The Fabulous Beast Page 15
Again the Council were undecided. They requested support. The elephant’s child turned to the human’s child.
‘Oh, I wouldn’t give it to him,’ said the human’s child, without a blink of his eye. ‘He’s got enough already.’
Midnight showed in the heavens. The Council disbanded for the last time, thanking each other, saying how well they had done to populate the Earth with such multi-hued creatures of fur, feather and scales.
‘A mobile work of art,’ said the fox-spirit. ‘It lifts your heart to see it in motion. And how well everyone fits! All good creatures in all the right places. No one of them lording it over the other. A good job, indeed!’
The elephant’s child and the human’s child were left alone. The human began to walk away from the rock, or perhaps strut might be a better word.
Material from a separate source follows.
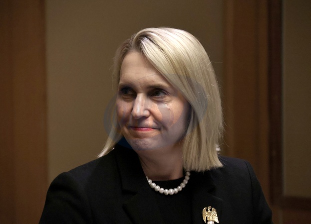 KYIV, UKRAINE - JANUARY 12, 2024 - Ambassador Extraordinary and Plenipotentiary of the United States to Ukraine Bridget Brink attends a press briefing of US Special Representative for Economic Recovery Penny Pritzker, Kyiv, capital of Ukraine, Credit:Yevhen Kotenko / Avalon

The elephant called after him, ‘You cheat! You betrayer!’
The human flexed his new opposable thumbs, knowing his intricate brain was capable of inventing fantastical devices. He lifted up his hands, closed one eye and sighted along a pair of lined-up index fingers. The elephant felt very uncomfortable under this squint-eyed scrutiny and backed away. Then something appeared on the features of the human. It was that other thing which had been requested by the two-legged creature and was unique to him alone out of all the creatures on the Earth.
‘One day you’ll regret you made those remarks,’ said the human, the smile on his face. ‘You’re a big target.’
La Belle Dame Sans Grâce
There are few ways left to us to reach that Otherworld, the land of Faerie, in this age of technology. The creatures who live in that strange time-place which has always existed alongside ours do not like machines. They actually despise the wheel, let alone anything that followed it. These days we have cars, aeroplanes, mobile phones, computers, televisions, and all the rest of the modern junk. This ensures they want very little to do with us. It’s a sad state, but that’s the way it is.
Indeed, since the industrial revolution fairies and mortals have, for the most part, gone their separate ways.
However, there are one or two people – myself included – the name’s Jack by the way – who still seek ways of crossing over. Explorers of Otherworld. The rewards can be well worth the risk. And there is a risk. If you’re caught over there the chances of spending the rest of your life as something bulbous and loathsome, covered in warts, are pretty high. It follows then, that prolonged searches for fairy gold should not be one of your expedition goals. One should enter, snatch whatever is lying around, and get out quickly. Believe me, whatever it is, it will have value: some wonderful use here. A pebble, feather, leaf, or twig – anything. You will discover it has amazing powers.
I make it sound as if I’ve done it a hundred times. I haven’t. It’s incredibly difficult to cross over. God knows I tried a thousand times since that first visit, and failed every one of them. Except the last. That’s how I know it’s still there. You only need to go once to feel the power of the place. Awesome is a much-used word these days, but that’s what Faerie is – awesome. It overwhelms you with its fragrances, its scintillating atmosphere, the clarity of its sounds. The environment is charged with high magic: it crackles like static electricity. You touch a tree and sparks of magic jump to your fingertips. There are also unnamed strangenesses in the air: many, many strangenesses. They flit through your mind or touch your spirit, too flimsy to hold onto, leaving faint uncomfortable tinges of enchantment behind.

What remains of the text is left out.